- [Try it]: If a record holds a picture, leave the picture out; return everything else exactly.
(Material provided begins)
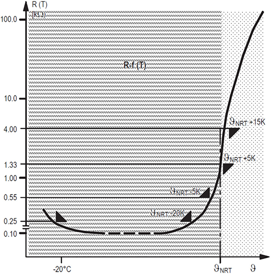 Nun lässt sich insbesondere die Wicklungstemperatur bei fast allen Verdichtern aber nicht mit Zwischenwerten auslesen: Bei Verdichtern werden fast immer PTCs als Sensoren für die Motortemperatur eingesetzt, die sich wie ein „Schalter“ mit einem sprunghaft erhöhten Widerstandswert verhalten, sobald der Motor zu heiß wird und abgeschaltet werden muss.
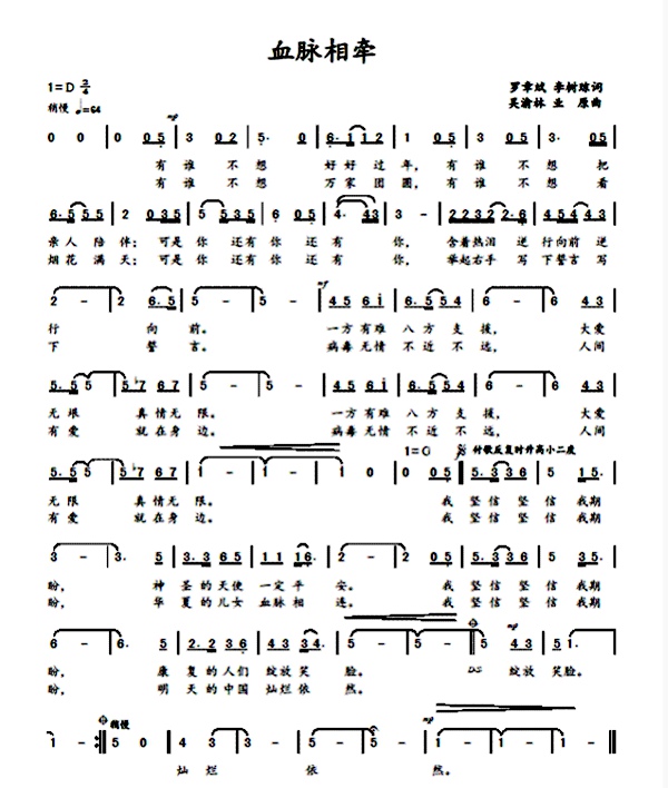 歌曲《血脉相牵》表现抗击疫情勇士不顾个人安危逆行前线感人情怀,歌颂中华民族血脉相连相亲相助美好品德。由农工党党员、云南青年歌唱家高淑琴和云南青年歌唱家李昂倾情演唱。
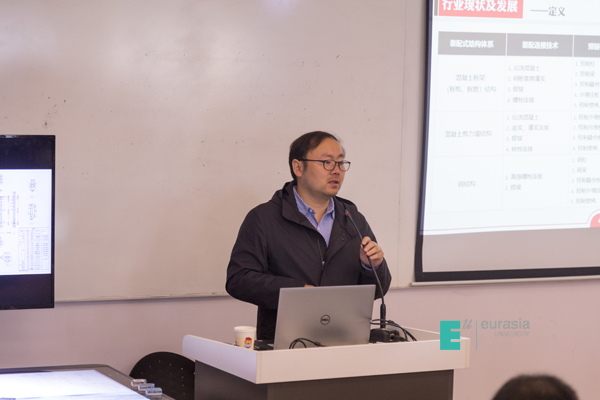 北京榆构集团构件厂厂长李晓文从装配式行业国内外大环境、国家政策支持、装配式面临的发展问题等解读了装配式行业现状和人才需求。辽宁城市建设职业技术学院装配式专业教研室主任王鑫作装配式高校专业方向建设成果及经验专题报告。王鑫用生动幽默的语言,向大家讲述了该校装配式专业创建、发展历程,也分享了遇到的诸如师资力量薄弱、技术向理论转化困难、教学资源匮乏等困难,并结合实际提出了装配式专业建设方向、人才培养的中肯建议。
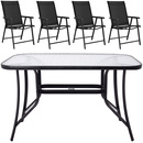 Meble ogrodowe 4 krzesła, stół ze szkłem hartowanym zestaw na taras czarny
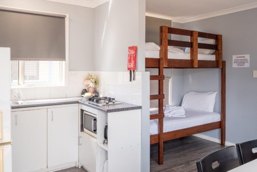 This one-bedroom cabin is a great fit for families, sleeping up to four guests with a queen bed and a set of bunk beds. It features a private bathroom, air conditioning, and a TV for relaxed evenings. The kitchen is equipped with a fridge, toaster, microwave, and stovetop, offering everything needed for a comfortable and convenient stay.
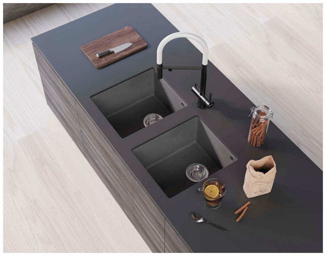 - Материал выдерживает высокие температуры до 280°С (но не стоит ставить на поверхность мойки горячие сковородки и кастрюли, т.к их температура может достигать 500°С).
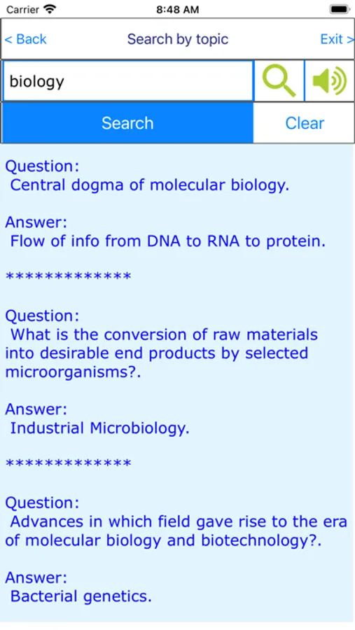 9- you can search all the quiz and notes with the Search button by topic or key words.
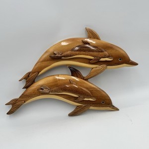 Dolphins Intarsia Wall Art Woodcraft By Jim Coleman Hand Made Approx 16x10”
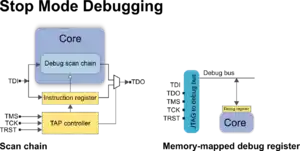 In the early stages of product development, it is common to use development boards with dedicated and readily accessible debug interfaces for connecting the debug tools. SoCs employed in the mobile market rely on two debug technologies: stop-mode debugging via a scan chain and stop-mode debugging via memory-mapped debug registers.
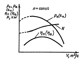 Наибольший интерес для анализа работы компрессора представляют зависимость рк = f(V), H = f(V). Последнюю обычно называют напорной характеристикой.
(Material provided ends)
- [Task result]:
 Nun lässt sich insbesondere die Wicklungstemperatur bei fast allen Verdichtern aber nicht mit Zwischenwerten auslesen: Bei Verdichtern werden fast immer PTCs als Sensoren für die Motortemperatur eingesetzt, die sich wie ein „Schalter“ mit einem sprunghaft erhöhten Widerstandswert verhalten, sobald der Motor zu heiß wird und abgeschaltet werden muss.
 歌曲《血脉相牵》表现抗击疫情勇士不顾个人安危逆行前线感人情怀,歌颂中华民族血脉相连相亲相助美好品德。由农工党党员、云南青年歌唱家高淑琴和云南青年歌唱家李昂倾情演唱。
 北京榆构集团构件厂厂长李晓文从装配式行业国内外大环境、国家政策支持、装配式面临的发展问题等解读了装配式行业现状和人才需求。辽宁城市建设职业技术学院装配式专业教研室主任王鑫作装配式高校专业方向建设成果及经验专题报告。王鑫用生动幽默的语言,向大家讲述了该校装配式专业创建、发展历程,也分享了遇到的诸如师资力量薄弱、技术向理论转化困难、教学资源匮乏等困难,并结合实际提出了装配式专业建设方向、人才培养的中肯建议。
 Meble ogrodowe 4 krzesła, stół ze szkłem hartowanym zestaw na taras czarny
 This one-bedroom cabin is a great fit for families, sleeping up to four guests with a queen bed and a set of bunk beds. It features a private bathroom, air conditioning, and a TV for relaxed evenings. The kitchen is equipped with a fridge, toaster, microwave, and stovetop, offering everything needed for a comfortable and convenient stay.
 - Материал выдерживает высокие температуры до 280°С (но не стоит ставить на поверхность мойки горячие сковородки и кастрюли, т.к их температура может достигать 500°С).
 9- you can search all the quiz and notes with the Search button by topic or key words.
 Dolphins Intarsia Wall Art Woodcraft By Jim Coleman Hand Made Approx 16x10”
 In the early stages of product development, it is common to use development boards with dedicated and readily accessible debug interfaces for connecting the debug tools. SoCs employed in the mobile market rely on two debug technologies: stop-mode debugging via a scan chain and stop-mode debugging via memory-mapped debug registers.
 Наибольший интерес для анализа работы компрессора представляют зависимость рк = f(V), H = f(V). Последнюю обычно называют напорной характеристикой.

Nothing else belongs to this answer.